++++ Information shown ++++

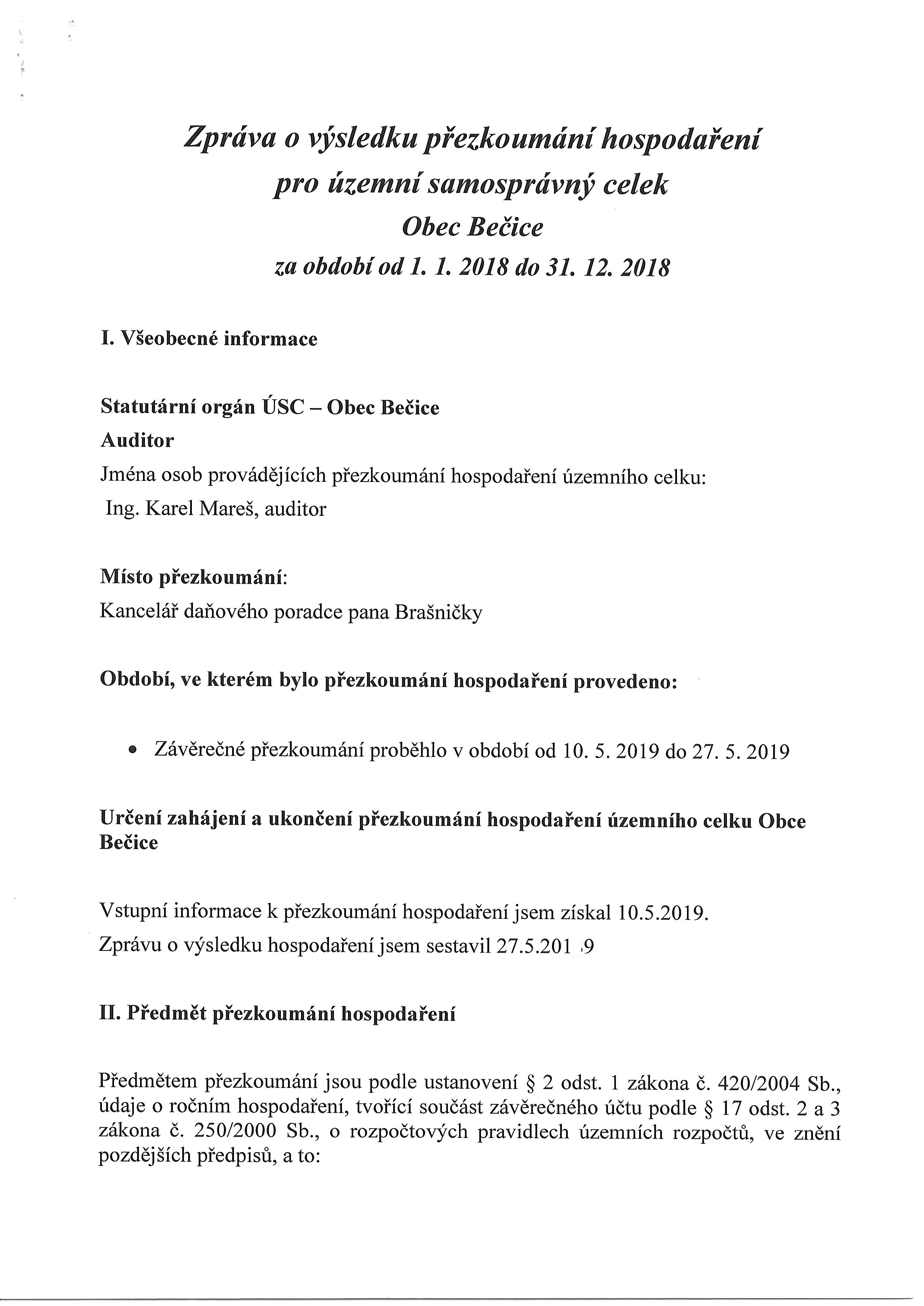 Závěrečná zpráva a účetní uzávěrka obce Bečice za rok 2025
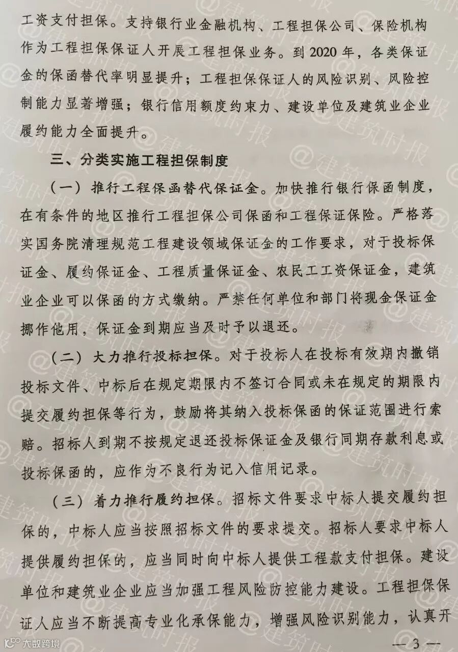 《加快推进房屋建筑和市政基础设施工程实行工程担保制度》正式文件终于来了!!
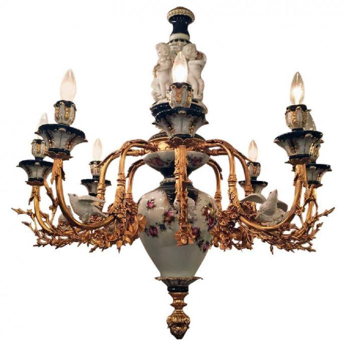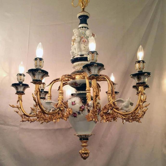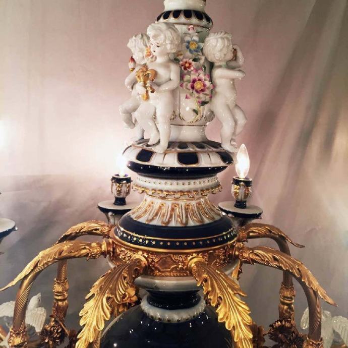 Unique Cobalt Blue, White, Gold Leaf Porcelain Chandelier with Cherubs

++++

**Exercise directions**
Set down all of the data word for word; no pictures belong in it.

**Answer space**
 Závěrečná zpráva a účetní uzávěrka obce Bečice za rok 2025
 《加快推进房屋建筑和市政基础设施工程实行工程担保制度》正式文件终于来了!!
 Unique Cobalt Blue, White, Gold Leaf Porcelain Chandelier with Cherubs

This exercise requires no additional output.